EPS Review #31 - The Ginger Griffin

I was browsing the website of Jessica Amanda Salmonson, fantasy writer and bookseller, and came across a title that interested me:

Bridge, Ann. THE GINGER GRIFFIN. Boston: Little Brown, 1934. 1st; lighty soiled cloth. Cursed object. Witty tale of Brits & Chinese for which Bridge provides the amusing prefatory disclaimer, "Of the characters in this book, the Bong alone is drawn from life," the bong being in the form of a yellow griffin that brings either luck or misfortune. $20.00

Well, since one member of my household is named Ginger (a cat) and another Griffin (a bestiary boy), and since the book is set in Peking, I figured I had to have it, but not for $20 -- I got it for £6 from an Irish bookseller. The ginger griffin in the book turns out to be a horse -- there is a lot of horse riding in the book, which is really a sensitive love story where the heroine finally hooks up with the boring but devoted guy after two slightly broken hearts. It is only partly redeemed by the setting, at least I could feel "I've been there" when they ride around the Temple of Heaven. It is not really a fantasy story at all -- I suspect Jessica of having skimmed just a few pages. Still, there are points where the writing amuses:

"Do you ride at all, Miss Harrison?"
"Yes, I do," said Amber.
"Capital -- that's really excellent. I hope you'll let me mount you sometimes, till your uncle comes back. It would give me the greatest pleasure..."

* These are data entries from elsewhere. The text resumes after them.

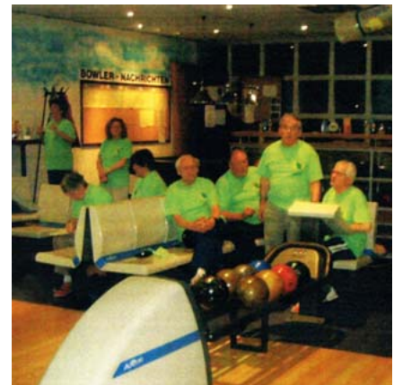
Die Mitglieder der Seniorengruppe Bitterfeld-Wolfen beim Bowling-Cup-Turnier.

Klaus Düring www.gdp.de/gdp/gdpls.a.nsf/id/20100607
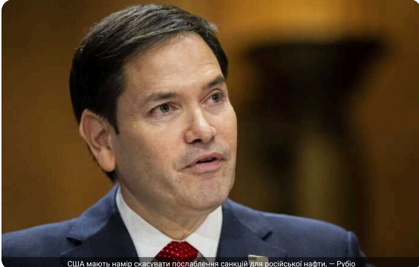
США мають намір скасувати послаблення санкцій для російської нафти, — Рубіо

Державний секретар США Марко Рубіо заявив, що країна хотіла б найближчим часом скасувати винятки з нафтових санкцій проти Росії.
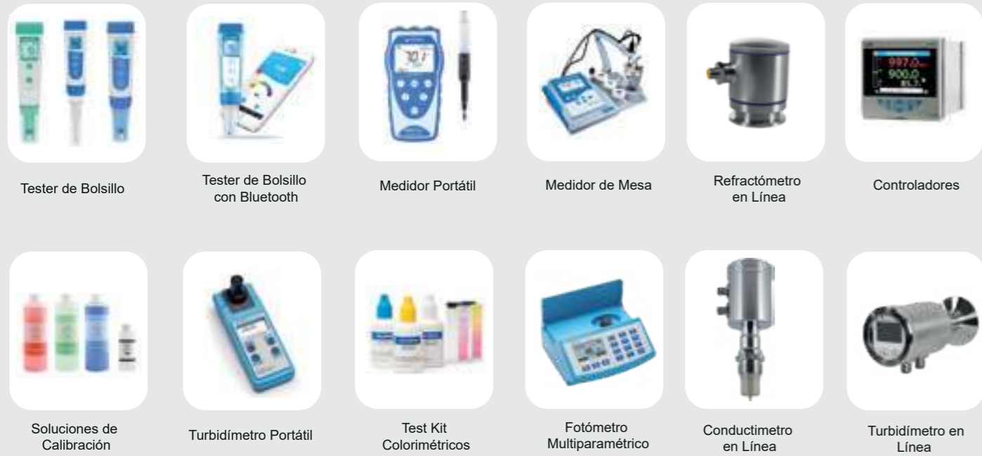
Tester de Bolsillo Tester de Bolsillo con Bluetooth Medidor Portátil Medidor de Mesa Refractómetro en Línea Controladores Soluciones de Calibración Turbidímetro Portátil Test Kit Colorimétricos Fotómetro Multiparamétrico Conductímetro en Línea Turbidímetro en Línea
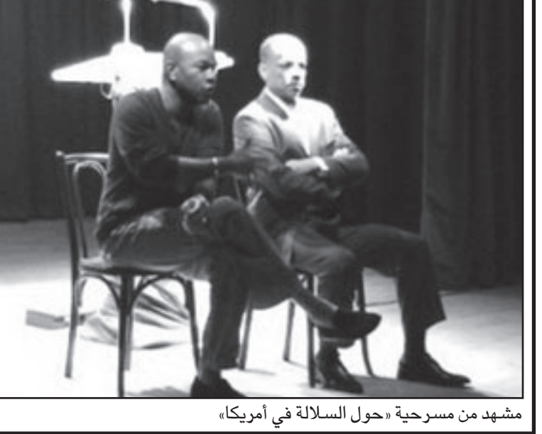
مشهد من مسرحية «حول السلالة في أمريكا»

وسواصل المهرجان للدورة الثالثة على التوالي حجب المسابقات والجوائز للاعمال المسرحية المعروضة. وقبول سحبها في الدوريتين الماضيتين باحتجاجات واسعة من قبل العديد من المسرحيين الذين رأوا في ذلك انحرافاً عن المسار التاريخي للمهرجان الذي يوفر فرصاً للتنافس بين أفضل الاعمال المسرحية في العالم العربي والافريقي.
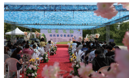
单身职工交友活动

持续放大劳模示范带动效应。积极参与消费助农工作，借助镇江市总工会劳模优质农产品直销会平台，全年共组织50多人次的劳模、农民参加了3场镇江劳模优质农产品直销会，现场销售额达到40余万元。注重发挥农业劳模带头人的示范带动作用，举办了3场农业劳模“传、帮、带”培训班，参加培训的农民人数达400多人。积极开展劳模疗休养工作，有效传递党和国家的高度重视和关心爱护，切实增强劳模的荣誉感和自豪感。2022年，江苏广兴集团有限公司首席技师、总工程师，句容市总工会挂职副主席沈春雷光荣当选党的二十大代表。 积极投身疫情防控、推进乡村振兴、支持实体经济等工作。积极动员各级工会组织、工会党员干部以及句容全市各级劳模有序有力参与疫情防控。联合相关单位，共同举办“e路莓好 大爱容城”2022年句容爱心助农公益直播活动，积极助销地产草莓；联合农业农村局，向社会各界人士发起购买句容茶的倡议，为茶企和茶农纾困解难。不折不扣落实好小微企业工会经费全额返还工作，2022年为1025家小微企业全额退还工会经费444.6万元，返还率达98.2%。落实“消费帮扶、支持对口支援地区两年行动计划”，2022年共动员句容全市各级工会组织70多家，认购陕西蒲城县279.09万元的帮扶产品。
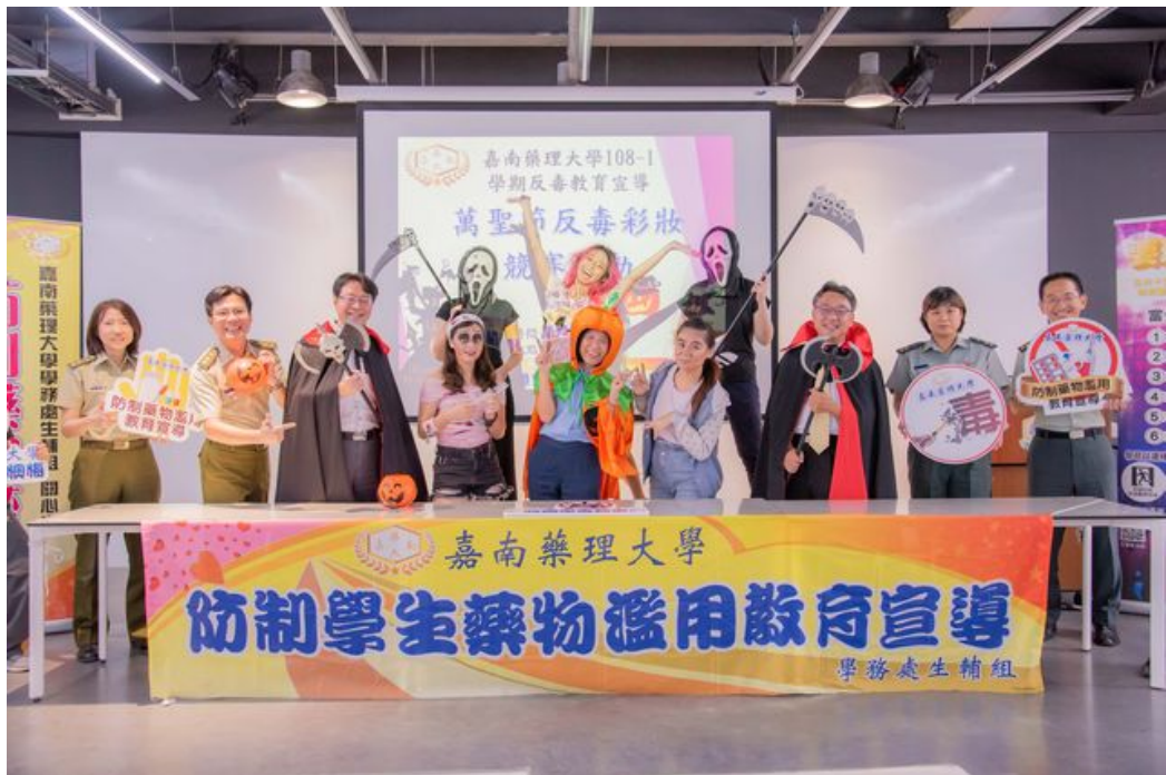
嘉藥學務處響應萬聖節活動打扮成吸血鬼及南瓜各種造型。

http://www.cntimes.info 2019-10-31 21:11:48
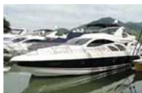
Intermarine 600 Full
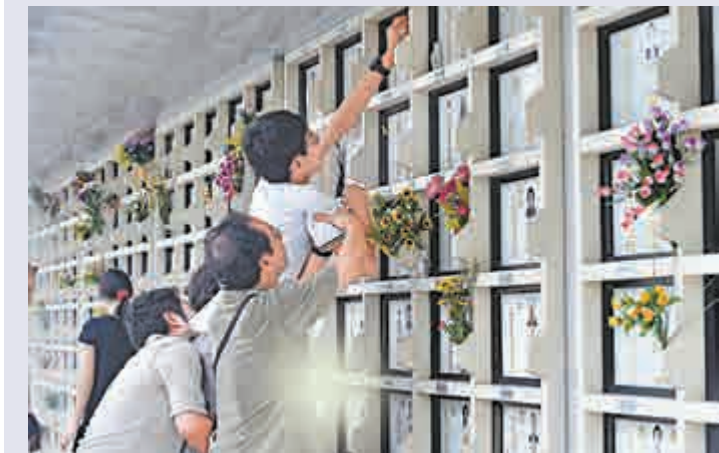
◀傳統的骨灰龕場猶如「無掩雞籠」，拜祭人潮於春秋二祭前兩、三星期開始湧現 資料圖片
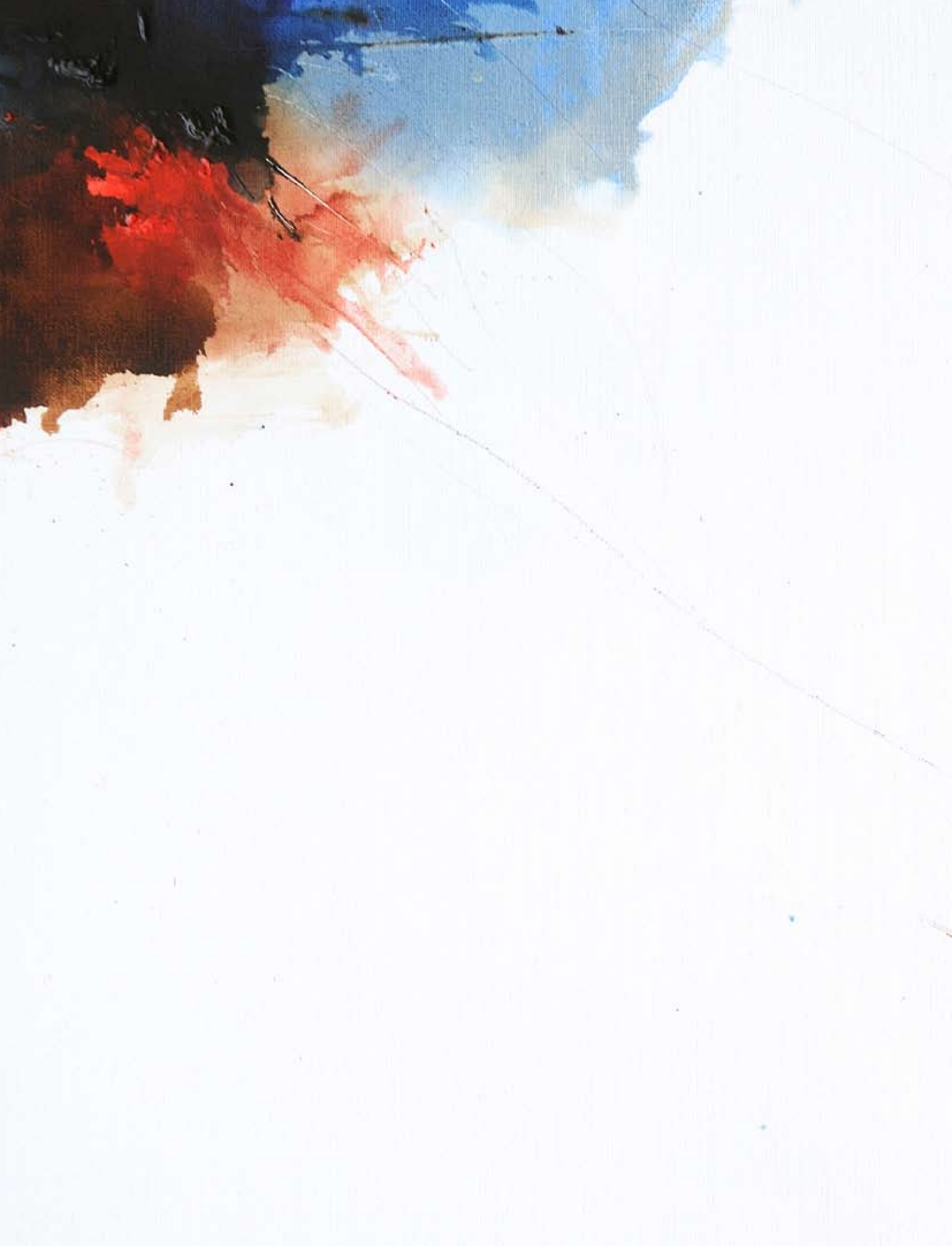
Sans titre - Technique mixte sur toile 60x60cm détail - 2011
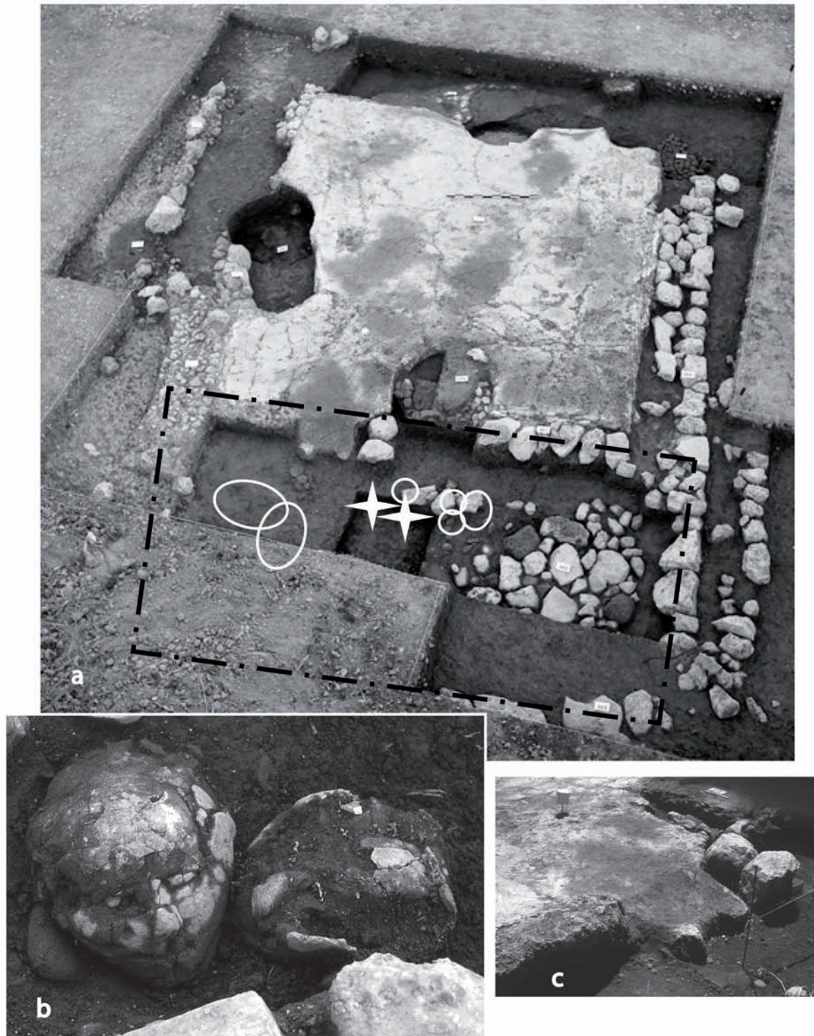
Figure 4 : a. Vue de la maison 150 depuis l'ouest : l'antichambre est en cours de dégagement, les crânes surmodelés (étoiles) ont été prélevés en bloc. Les sépultures 188 et 197 n'ont pas encore été mises au jour (leur emplacement est figuré par des cercles blancs) (d'après Lechevallier 1978 : 138, planche XXV). b. Crânes 1 et 2 in situ (photographie prise de l'est) (d'après Lechevallier 1978 : 151, planche XXXI). c. Détail du passage aménagé entre la pièce principale et l'antichambre dans son état final.
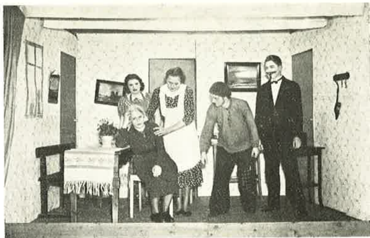
Hygge i Hjemmet.
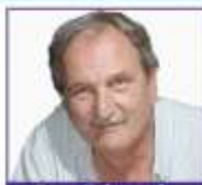
Por Eduardo E. Eraso, Editor.

Aprovechando la extrema debilidad de las entidades y el fuerte
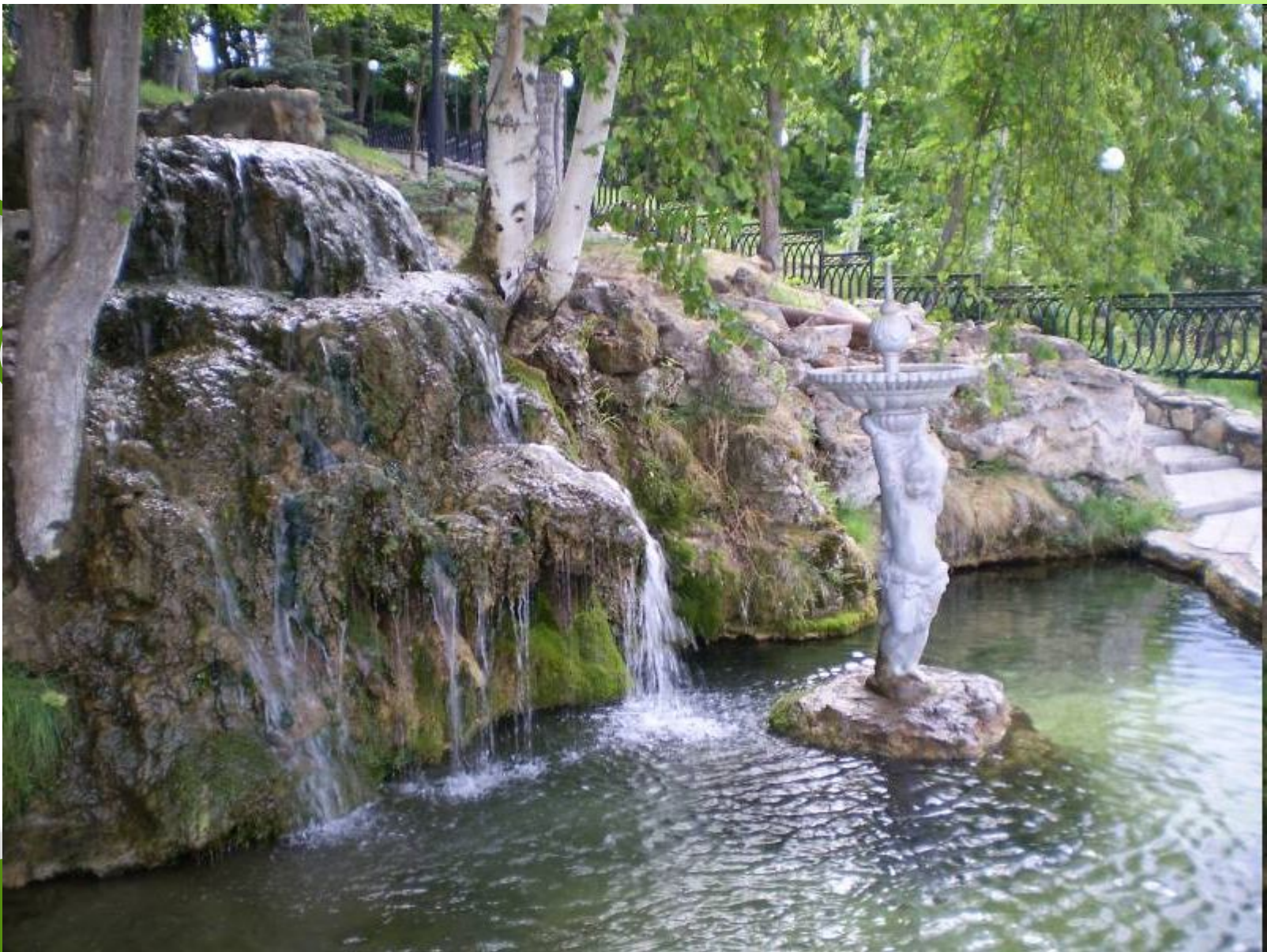
Боровецкие ключи г. Набережные Челны

There's a whole lot of French, too. I think Gilbert and Sullivan would have classed her as a "lady novelist". But I read it through.

I found a short bio of Ann Bridge on the web:

In 1932, the entire English-speaking world was talking about Ann Bridge, author of the publishing sensation of the year, who had sprung out of nowhere, scooped up a prize of $10,000 with her first novel, and won golden opinions from critics worldwide. Peking Picnic is a sophisticated, compassionate and humane exploration of the unhappy predicament of a married woman, set against the powerfully-realised landscape of North China. In The Ginger Griffin (1934) and Illyrian Spring (1935), Bridge explored further aspects of the aching heart: the choices that face a very young woman who must choose between love and happiness, and the love of a middle-aged married woman for a very much younger man. With Enchanter's Nightshade (1937) and Four-Part Setting (1939) she consolidated her reputation as an outstanding novelist, and a writer who spoke for the women of the 1930s. For the rest of her life she continued to publish prolifically, keeping her loyal readership in new novels until 1973.

Ann Bridge was a household name, but it was a pseudonym, and her real identity as the wife of a diplomat was a closely-guarded secret. Her biography has never been written.

The sensitivity and wisdom in Bridge's writing contrasted painfully with her destructive impact in actual relationships. She was "stormy, troubled, and troublesome". Her marriage lasted sixty searingly unhappy years, and her richly textured story has many strands besides her contribution to literature. It throws a sideways light, through her husband's stormy career, on the troubled world between the First and Second World Wars. It is the last chapter in the saga of an ancient Irish dynasty. It is a study of the effects of child abuse, and how this can trickle over a family and warp it for generations to come. It is a study of cruelty and endurance, of folie de grandeur, of public success and private failure. It is the story of a strong woman who shouldered impossible burdens, of an unloved wife who made herself "one of the best-loved of all women novelists" in the twentieth century.

The biography of Ann Bridge (1889-1974) is being written by Benita Stoney, who has been involved in biographical research for a number of books, including Victoria and Albert: Life at Osborne House. She is co-author of Travels with Queen Victoria, and the editor of My Mistress the Queen: The letters of Frieda Arnold, dresser to Queen Victoria 1854-9 (Weidenfeld and Nicolson, 1994). Benita Stoney pursues a parallel career as a painter and lives in Co Mayo, Ireland.